- **INPUT RECORDS**
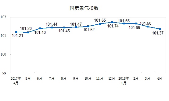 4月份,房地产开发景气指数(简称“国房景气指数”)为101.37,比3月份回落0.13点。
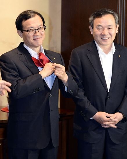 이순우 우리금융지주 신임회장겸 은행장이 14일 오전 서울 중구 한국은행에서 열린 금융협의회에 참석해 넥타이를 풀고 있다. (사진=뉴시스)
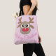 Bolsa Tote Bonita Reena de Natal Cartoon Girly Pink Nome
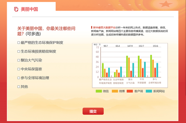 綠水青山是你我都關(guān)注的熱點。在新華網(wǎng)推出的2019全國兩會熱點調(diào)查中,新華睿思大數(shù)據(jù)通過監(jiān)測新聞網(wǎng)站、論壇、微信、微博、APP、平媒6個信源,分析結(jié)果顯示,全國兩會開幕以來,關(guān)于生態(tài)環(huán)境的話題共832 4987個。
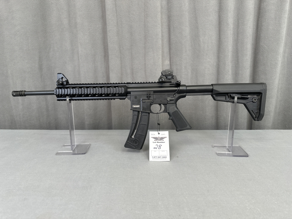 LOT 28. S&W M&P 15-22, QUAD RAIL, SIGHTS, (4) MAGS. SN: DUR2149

- **PROBLEM STATEMENT**
What is needed is every line from the one with "Bolsa Tote Bonita" to the final line of the listing above, set down exactly and with the pictures left out.

- **EXERCISE RESPONSE**
 Bolsa Tote Bonita Reena de Natal Cartoon Girly Pink Nome
 綠水青山是你我都關(guān)注的熱點。在新華網(wǎng)推出的2019全國兩會熱點調(diào)查中,新華睿思大數(shù)據(jù)通過監(jiān)測新聞網(wǎng)站、論壇、微信、微博、APP、平媒6個信源,分析結(jié)果顯示,全國兩會開幕以來,關(guān)于生態(tài)環(huán)境的話題共832 4987個。
 LOT 28. S&W M&P 15-22, QUAD RAIL, SIGHTS, (4) MAGS. SN: DUR2149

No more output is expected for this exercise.